### [What you have to do]
Ignoring every picture, return the lines of the listing below word for word, from the line that holds "Mothers sit with" through the line that holds "11月に入ったのでチーズフォ".

### [Dataset extract]
--- START ---

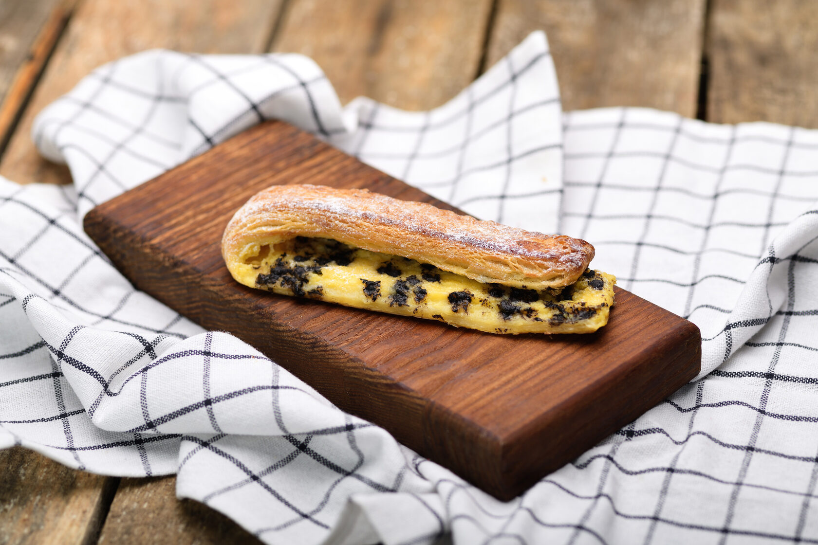 Вес: 85 г Описание: Воздушное слоеное тесто с начинкой из заварного крема с кусочками темного шоколада. Состав: Пудра сахарная, яйцо, тесто слоеное дрожжевое, молоко, глазурь шоколадная черная. Б/Ж/У/ккал/кДж: 4,04/11,76/29,34/239,37/1 001,54
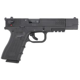 111002 ISSC M22 TGT GEN 2 Black side-firing pistol for practical or sports training with compenstor-loader. Adjustable targeting instruments, 10-round magazine, SA trigger mechanism. Skeleton design similar to the Glock pistol...
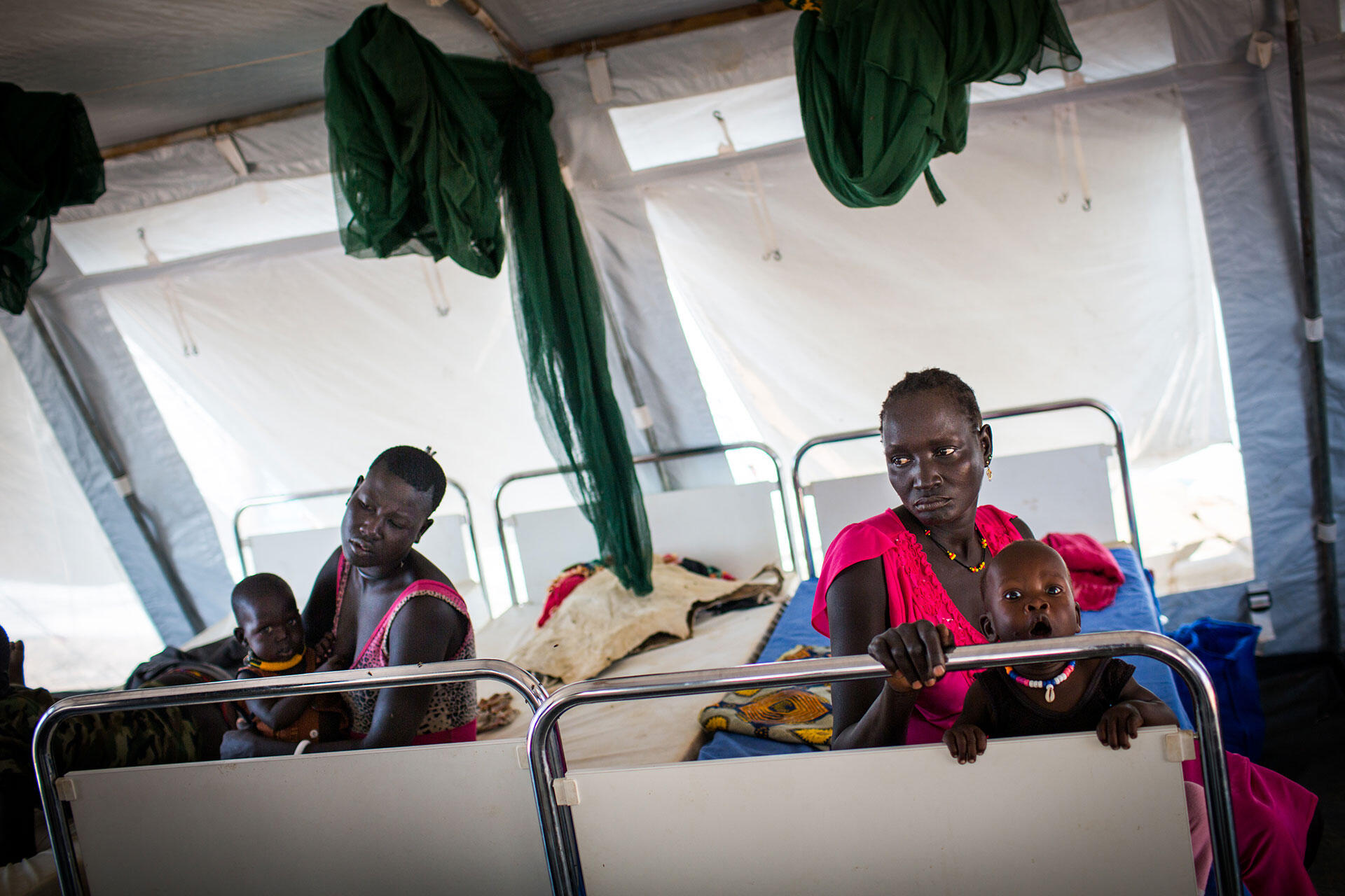 Mothers sit with their ailing children in a makeshift hospital in Mingkaman, South Sudan. The facilities are far better than back home, where war has destroyed many health clinics.
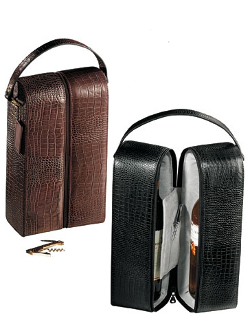 Product Description: Croco-grain cowhide, with a padded pigskin interior. A pocket holds a corkscrew/knife (included). The divider protects both bottles. Four metal feet for upright presentation. No personalization is available for this item.
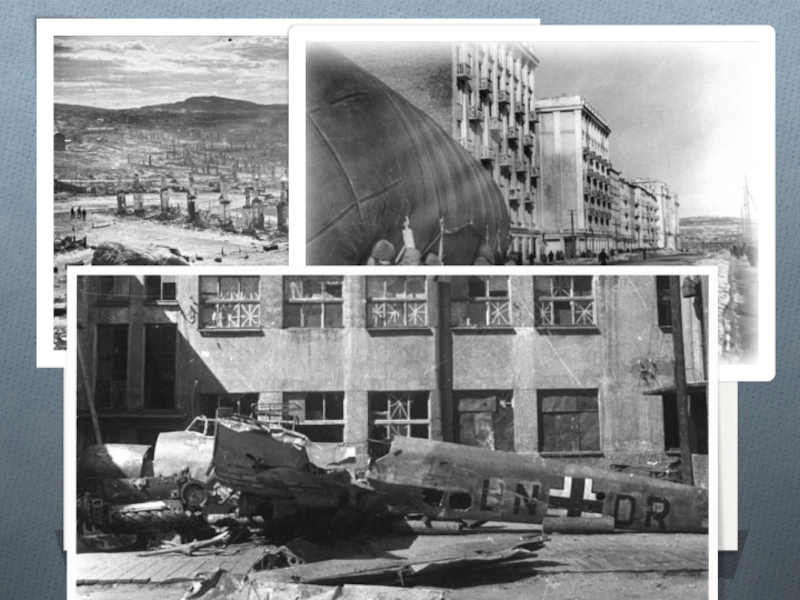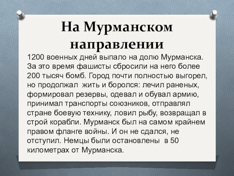 время фашисты сбросили на него более 200 тысяч бомб. Город почти полностью выгорел, но продолжал жить и боролся: лечил раненых, формировал резервы, одевал и обувал армию, принимал транспорты союзников, отправлял стране боевую технику, ловил рыбу, возвращал в строй корабли. Мурманск был на самом крайнем правом фланге войны. И он не сдался, не отступил. Немцы были остановлены в 50 километрах от Мурманска.
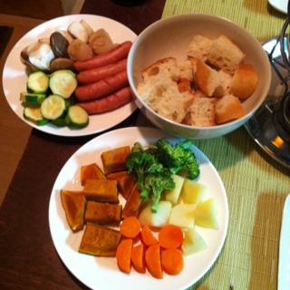 11月に入ったのでチーズフォンデュ!冬の間に毎年、数回はします。チーズは勿論、エメンタールとグリュイエール。美味しい!
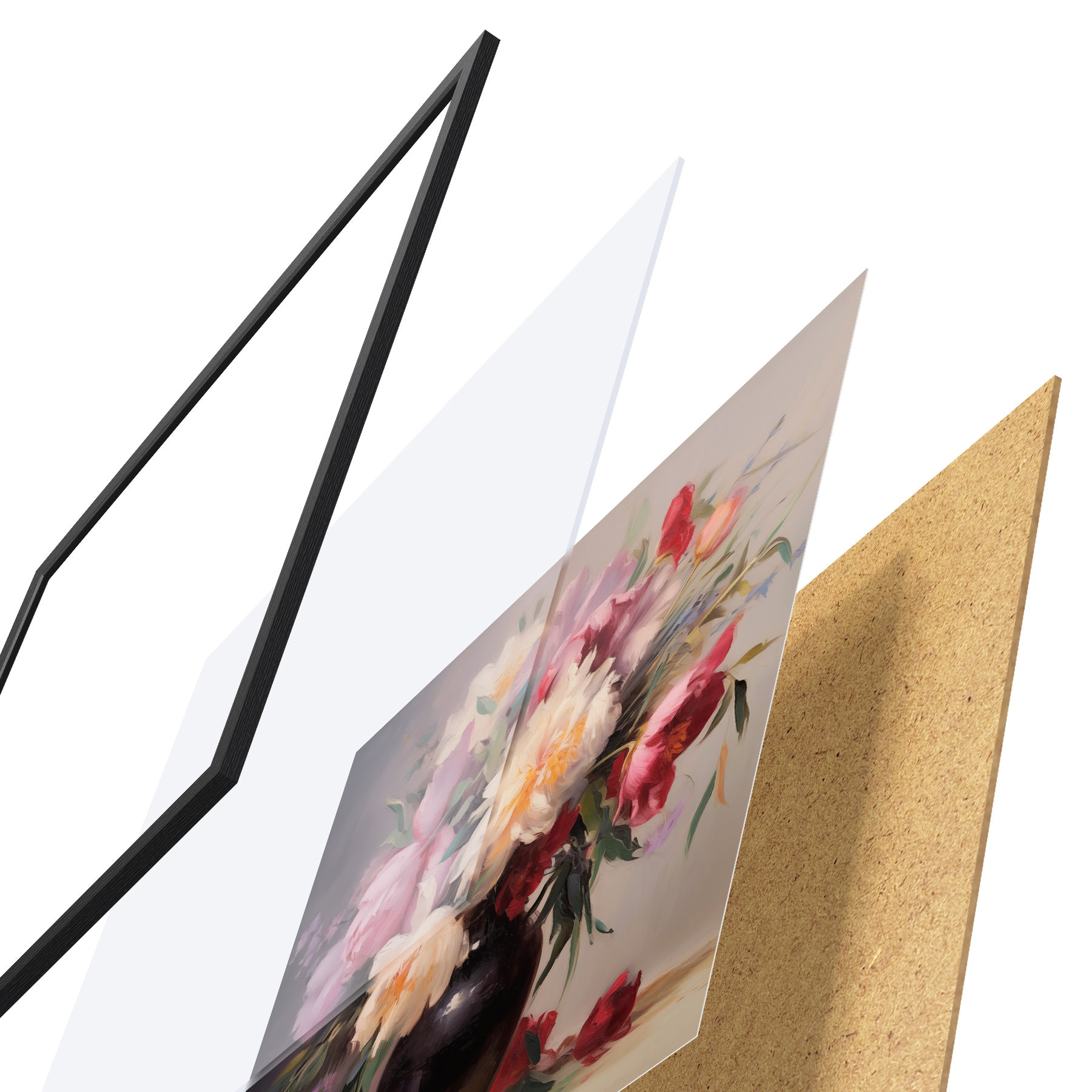 Plakát se skládá z rámu, plexiskla, tištěného obrazu a dřevotřískového podkladu. Díky úchytům na zadní straně lze plakát ihned zavěsit na zeď.
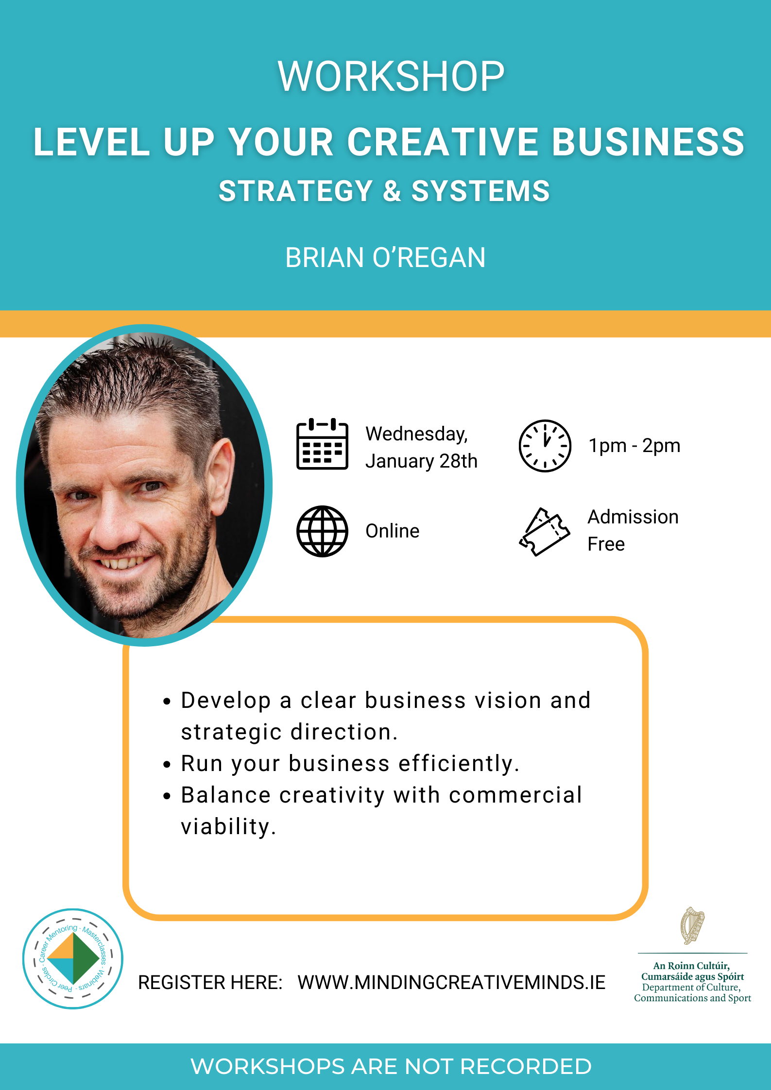 Join us via Zoom for our Workshop with Brian O’Regan. Learn how to turn your vision into a thriving, sustainable business without losing your creative spark.

--- END ---

### [Exercise solution]
 Mothers sit with their ailing children in a makeshift hospital in Mingkaman, South Sudan. The facilities are far better than back home, where war has destroyed many health clinics.
 Product Description: Croco-grain cowhide, with a padded pigskin interior. A pocket holds a corkscrew/knife (included). The divider protects both bottles. Four metal feet for upright presentation. No personalization is available for this item.
 время фашисты сбросили на него более 200 тысяч бомб. Город почти полностью выгорел, но продолжал жить и боролся: лечил раненых, формировал резервы, одевал и обувал армию, принимал транспорты союзников, отправлял стране боевую технику, ловил рыбу, возвращал в строй корабли. Мурманск был на самом крайнем правом фланге войны. И он не сдался, не отступил. Немцы были остановлены в 50 километрах от Мурманска.
 11月に入ったのでチーズフォンデュ!冬の間に毎年、数回はします。チーズは勿論、エメンタールとグリュイエール。美味しい!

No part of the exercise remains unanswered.